Шрифт:
Интервал:
Закладка:
Пятый подручный приподнялся на локте, некоторое время смотрел на меня, а после вновь улегся.
– Верно говоришь. Наложница всё твердила, что йарг скоро заберет их с дочерью. Осталась бы жить, могла бы всё испортить. Вместо глупой женщины Хазму приставили.
– Она же вроде прислуживала наложнице еще в дартане йарга?
– Нет, – ответил Рахон. – Она пошла в дартан йарга служить, чтобы за обещанным ребенком приглядывать до срока. Потому вместе с наложницей в Даас вернулась и рядом с девочкой осталась. Хазма Акмаль как дочь любила. И махари ее. За ее смерть на тебя злобу затаила.
– Она за всё на меня злобу таит, – усмехнулась я. – Причиной больше, причиной меньше…
– Не поспоришь, – легко рассмеялся Рахон. – Так тебе про бальчи знать хочется? – И вот теперь я превратилась в слух. – Бальчи берут еще детьми. Второй подручный отбирает – Аккам. Он чует, кто сгодится…
– Как это?
– У нас у всех дар разный, – ответил илгизит. – Что-то все можем, а что-то лучше у одного получается, но у другого тяжко. Я вот в мысли влезть могу, а Аккам дух схожий у людей чует. На запах. Я как-то спросил, как это – силу нюхать. А он сказал: «Как ты запахи нюхаешь, так я дух чую». Кто, говорит, железом пахнет, кто травой сухой, а кто будто воздух после дождя. Алтаах его всегда отправляет учеников смотреть, чтоб понять, кто к чему приставлен будет.
– Нюхач, – усмехнулась я.
– Как сказала? – Рахон снова приподнялся на локте, а услышав, что хотел, хмыкнул и кивнул: – Точно, нюхач он и есть. Вот и бальчи будущих так же ищет. Они духом одним с махиром обладают. Вот таких малышей пяти зим от роду и забирает в Даас.
– А родители?
– Для родителей честь, что их сын самому махиру служить будет. Так вот, Аккам детей приводит, и тут их уже учить начинают. Этим третий подручный – Улсун занимается. У нас с ним схожий дар, он тоже в голову влезть может. Только я нужное вложу, а он от ненужного избавит.
– Разве это не одно и то же?
Сев, Рахон отрицательно покачал головой:
– Нет. – После сорвал травинку и сунул ее в рот. Некоторое время покусывал стебель, а затем продолжил: – Я могу внушить, что нужно, но так ненадежно. Улсун чувства забирает. Всё, что лишнее для бальчи. После этого дети перестают плакать, скучать по дому. Про родителей не спрашивают. Они их помнят, но им уже всё равно. Любопытства нет. Потом детей начинают обучать…

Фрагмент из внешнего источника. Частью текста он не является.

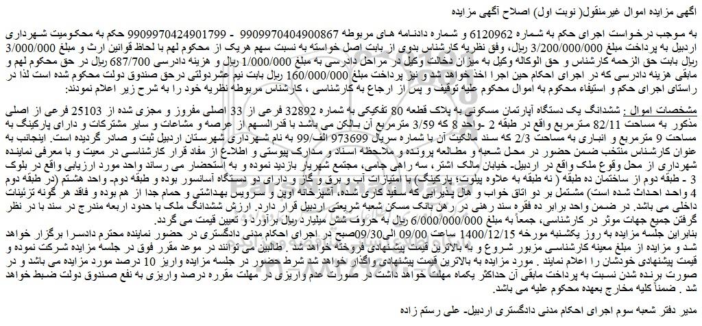 به موجب درخواست اجرای حکم به شماره 6120962 و شماره دادنامه های مربوطه 9909970404900867 - 9909970424901799 حکم به محکومیت شهرداری اردبیل به پرداخت مبلغ 3/200/000/000 ریال، وفق نظریه کارشناس بدوی از بابت اصل خواسته به نسبت سهم هریک از محکوم لهم با لحاظ قوانین ارث و مبلغ 3/000/000 ریال بابت حق الزحمه کارشناس و حق الوکاله وکیل به میزان دخالت وکیل در مراحل دادرسی به مبلغ 1/000/000 ریال و هزینه دادرسی 687/700 ریال در حق محکوم لهم و مابقی هزینه دادرسی که در اجرای احکام حین اجرا اخذ خواهد شد و نیز پرداخت مبلغ 160/000/000 ریال بابت نیم عشردولتی درحق صندوق دولت محکوم شده است لذا در راستای اجرای حکم و استیفاء محکوم به اموال محکوم علیه توقیف و پس از ارجاع به کارشناسی ، کارشناس مربوطه نظریه خود را به شرح زیر اعلام نمودند:

– И вправду тени, – потрясенно прошептала я. – Бедные дети… уроды чужой волей.
Илгизит меня не услышал, он продолжал рассказывать. И из его повествования следовало, что образование бальчи получали весьма недурное, по меркам этого мира конечно. Но помимо светского, так сказать, воспитания, им давали еще и военное. Полком командовать бы, наверное, не смогли, а вот телохранители были отменные.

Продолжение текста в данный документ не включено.